そこまでマッチョでも野蛮でもない

 小沢民についてのブコメを巡回すると、さんざん「はてな村サヨク」だの「はてサ」だの言われている割に、小沢批判に傾斜しており、サヨクにしてはおとなしい印象を受ける。だからサヨクの人々の中にはこの反応に憤慨している人もいるのだが、これはこれで面白い。
 前述の「公務員の自由」観点というよりは、1.独裁者小沢への反発、2.憲法の観点からの批判、3.日本という国家の国際的序列について、4.病気持ち老人を私利私欲のために振り回すことへの罵倒、といったものが主流を占めている。サヨクのわりに天皇制転覆めいた話は滅多に出てこないのである。

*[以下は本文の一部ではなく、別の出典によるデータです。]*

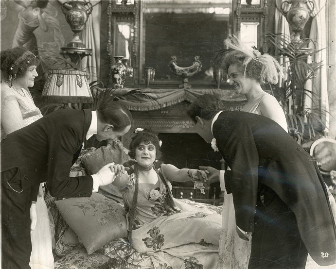 Promotional picture from the film Camille (1917) with Theda Bara.

 国体、制度をひっくりかえしてリアル北斗の拳世界で生きていく自信のある者が少ないのだと考えるべきか、現制度に不満はあるが日本という看板が失墜することまでは望まない者が多いのだと考えるべきか、いずれにせよ極端サヨクであるアナーキストや革命主義者にとっては物足りないだろう。反権力感情はあるがそこまでは望まない、比較的ぬるいサヨクの多さが浮き彫りになったわけだ。

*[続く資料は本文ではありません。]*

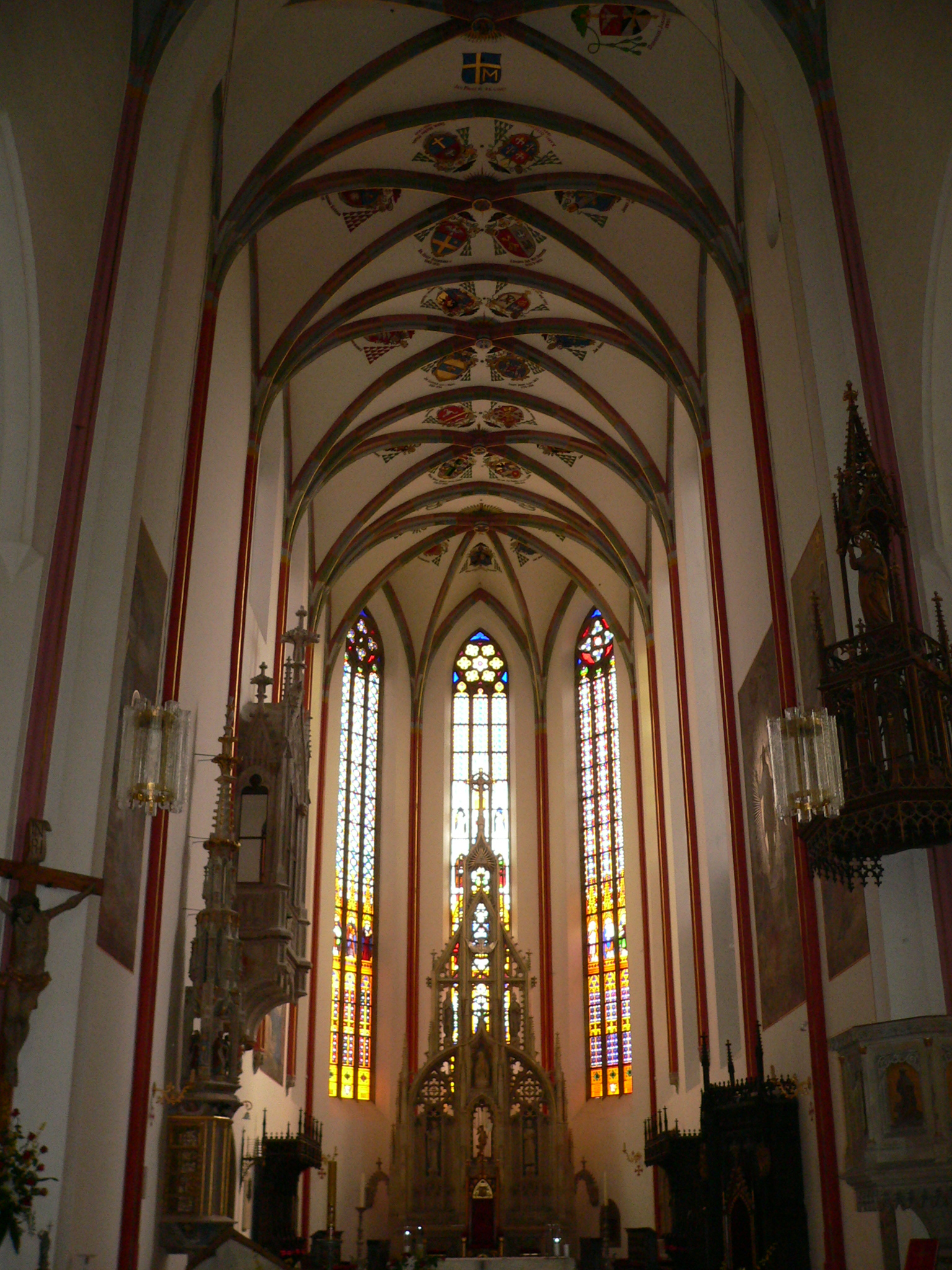 presbytery of Cathedral of the Holly Spirit Hradec Králové

 しかし、もはや制度に寄りかからなければ生存出来ない社会でそれを求めるのはあまりにマッチョだと言わざるを得ない。ましてや自身の生存に加えて親、一族という縛りのある日本では、これらの拘束を振り切るための条件が必要になる。ひとつは生存のための大きな力であり、もうひとつは拘束に対する負い目の解消、ないしは責任の一時的な消失である。
 だからこそ、1980年代以降のジュブナイル少女小説ラノベ*1の中には、学歴等の制度によらない力への渇望と、家族という拘束をいかに逃れるかという問いと、極端になりきれない弱さが潜在的にある。もはやイギリス児童文学の少女たちのように「手に職」だけでは生きていけない。事実いったいいくつの専門職が学歴不問の資格制度になっているのだ。卒業証明どころか住民票もいらないで受けられる試験など司法書士くらいしかお目にかかったことがない。


 自身の生存と理想を天秤にかけたとき、憲法というものは良くも悪くもリングロープになる。もはや右も左もリングの中でしか殴り合えないのが現実ではないだろうか。
 場外乱闘をしたいならまずは生存を第一に実現してからだと思う。俺が「暴力革命起こすなら女性や子どもでも火事場泥棒や強姦魔等の暴徒から自分を守れる、一人一丁の銃社会を実現してからな」と嘯くように、一定の条件が整わないと場外乱闘は出来ない。その意味では戦後混乱期から(大卒という制度の支配が極少数派だった)安田講堂までが、場外乱闘が可能だった時代であり、もはや現在はそんな時代ではないということなのだろう。「憤慨するなら金をくれ」である。


追記
 てか、だらだら書いてきたけどこんなことはとっくに井上陽水が言ってるんだってことを思い出した。つまり「傘がない」。

*1:東洋圏でよく売れる、というのはそういう点もあると思われる。少女小説の状況を見ていると自主独立で頑張りすぎる少女の作品はろくに続刊が翻訳されていないのさえ目に付く。たとえば鶴山文化社での『楽園の魔女たち』は3巻までで止まったままである。